Electromagnetic radiation

All electromagnetic radiation is light, but we can only see a small portion of this radiation所有电磁辐射都是光，但我们只能看到其中的一小部分

the portion we call visible light我们称之为可见光的部分

Cone-shaped cells in our eyes act as receivers tuned to the wavelengths in thisnarrow band of the spectrum我们眼中的锥形细胞充当接收器，可调谐到光谱中这个窄带内的波长

Other portions of the spectrum have wavelengths too large or too small andenergetic for the biological limitations of our perception.光谱的其他部分的波长对于我们感知的生物学限制来说太大或太小且能量过大。

K-means Clustering for Colour Quantization

Observations are partitioned in K clusters, ergo the name of the method
- 观测结果被划分为 K 个簇，因此得名该方法
Each new observation is tagged as member of a cluster, using Euclidean distance
- 使用欧几里得距离将每个新观测结果标记为簇的成员
Each time a cluster changes size, its centre is recalculated
- 每次簇大小发生变化时，都会重新计算其中心
If we want to use K-means for colour quantization, we use colours are clusters
- 如果我们想使用 K 均值进行颜色量化，我们会将颜色用作簇
Algorithm termination follows the usual practice: either number of max iterations reachedor centres do not change much
- 算法终止遵循通常的做法：达到最大迭代次数或中心变化不大

Probability Density Function (PDF)

The histogram model is a crude version of a probability density function
A probability density function is a measurement of how often an observation falls within a specified range
- In our case the bins in the UV colour space
Once the accumulator is in place, it must be normalised
- This means all bins are summed together and then each bin divided by the sum
Then each bin will represent of the probability of a given colour

Better ways to find edges

Image gradient

The gradient of an image:

\[\nabla f=\left[\frac{\partial f}{\partial x},\frac{\partial f}{\partial y}\right]\]

The gradient vector points in the direction of most rapid increase in intensity The gradient direction is given by $\theta=\tan^{-1}\left(\frac{\partial f}{\partial y}/\frac{\partial f}{\partial x}\right)$ - how does this relate to the direction of the edge?

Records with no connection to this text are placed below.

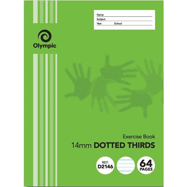 Olympic Dotted Thirds Exercise Book is lined with feint ruled 14mm dotted lines so you can perfect your handwriting skills. The paper is thick so that you can use both sides of every page - The lines are ruled every 14mm to keep you writing neatly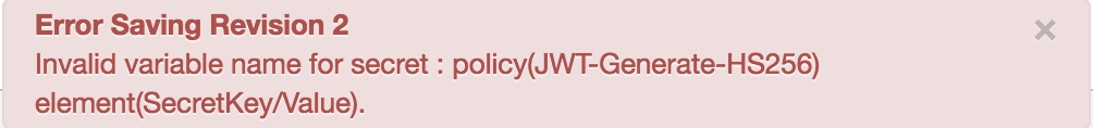 Invalid variable name for secret : policy(JWT-Generate-HS256) element(SecretKey/Value).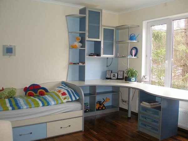 Une solution tout aussi fonctionnelle est un rebord de fenêtre de comptoir dans la pièce. Ce modèle est une continuation de la fenêtre et peut être utilisé comme lieu d'étude pour un enfant. La poursuite du rebord de la fenêtre dans la crèche vous permet d'utiliser la surface à des fins différentes, par exemple pour ranger des jouets, et les écoliers peuvent placer des fournitures éducatives, des livres, des disques.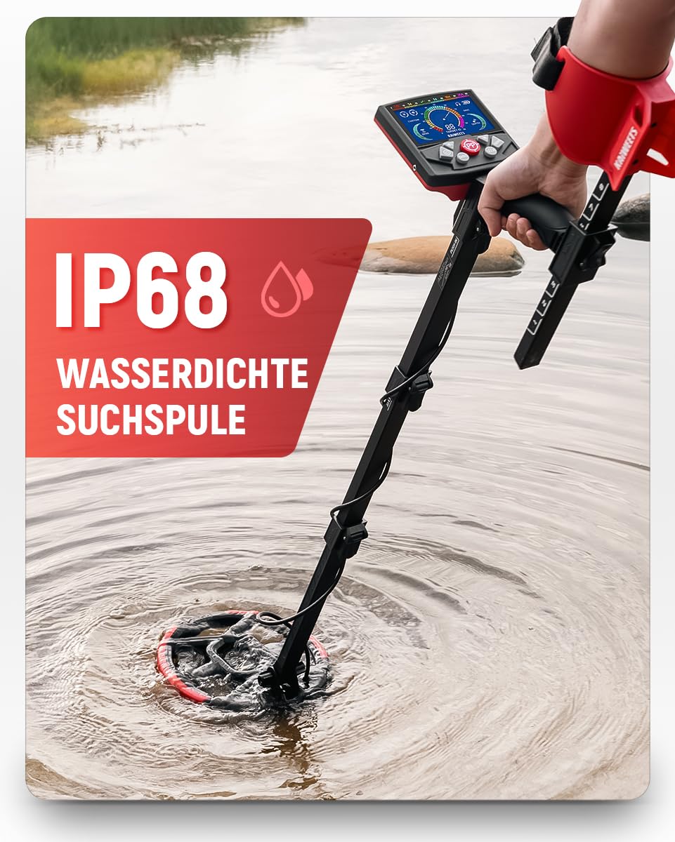 - Wetterfest und flexibel: Die IP68-zertifizierte, wasserfeste Spule ermöglicht die Suche in feuchten Umgebungen, während der verstellbare und klappbare Schaft den Transport vereinfacht.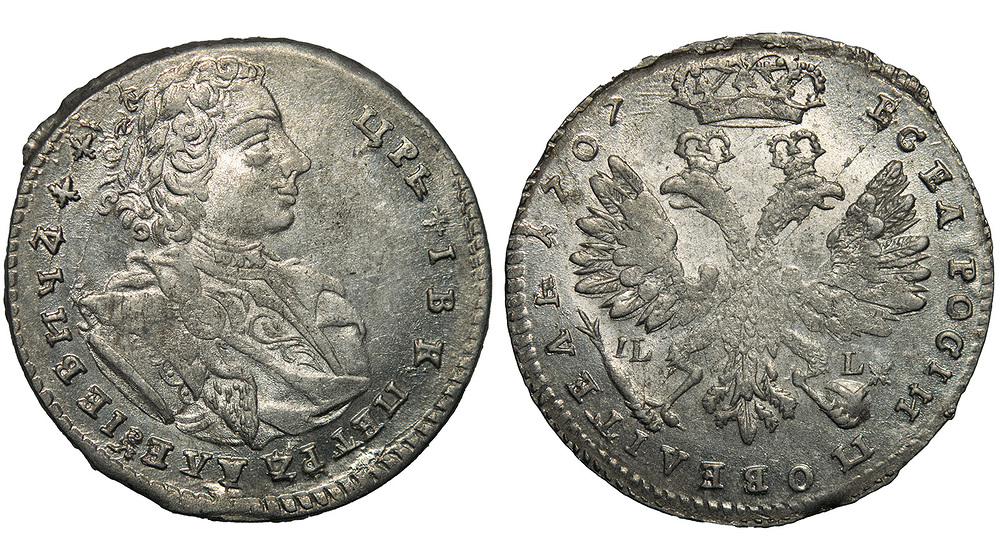 Кадашевский монетный двор. Малая голова. В конце круговой надписи 2 креста. Гурт гладкий. Серебро, 6,41 г. Дьяков (ЗС) #255 (R2). Биткин #3800 (R1). Уздеников #4854 (точка). ГМ #42.7. 40 рублей по Петрову. Сохранность превосходная, штемпельный блеск.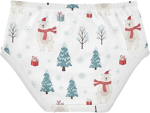 J JOYSAY Christmas Trees Bears White Girls' Underwear Cotton Comfort Briefs(Christmas Trees Bears White,4T)

The edge strength is given by the gradient magnitude

\[\|\nabla f\|=\sqrt{\left(\frac{\partial f}{\partial x}\right)^2+\left(\frac{\partial f}{\partial y}\right)^2}\]

Effect of noise

Our edge operators implement finite differences, local operations
- 我们的边缘运算符实现有限差分、局部运算
If we add noise to an image, we have neighbouring pixels with very different values
- 如果我们向图像添加噪声，则相邻像素的值会有很大差异
The more they differ the stronger is the filter response
- 它们的差异越大，滤波器响应越强
Therefore, we must smooth an image before running an edge filter
- 因此，我们必须在运行边缘滤波器之前平滑图像
  Smoothing filters
We have learnt the Gaussian operator
You can also use the mean, we have come across as well, and the median
The median is calculated by a
- first sorting all the pixel values from the surrounding neighbourhood into numericalorder and
- then replacing the pixel being considered with the middle pixel value

Edge detection steps

Usually there are three steps in the edge detection process

Noise reduction
- Suppress as much noise as possible without removing edges.
Edge enhancement
- Highlight edges and weaken elsewhere (high pass filter)
Edge localisation
- Look at possible edges (maxima of output from previous filter) and eliminate spuriousedges (often noise related)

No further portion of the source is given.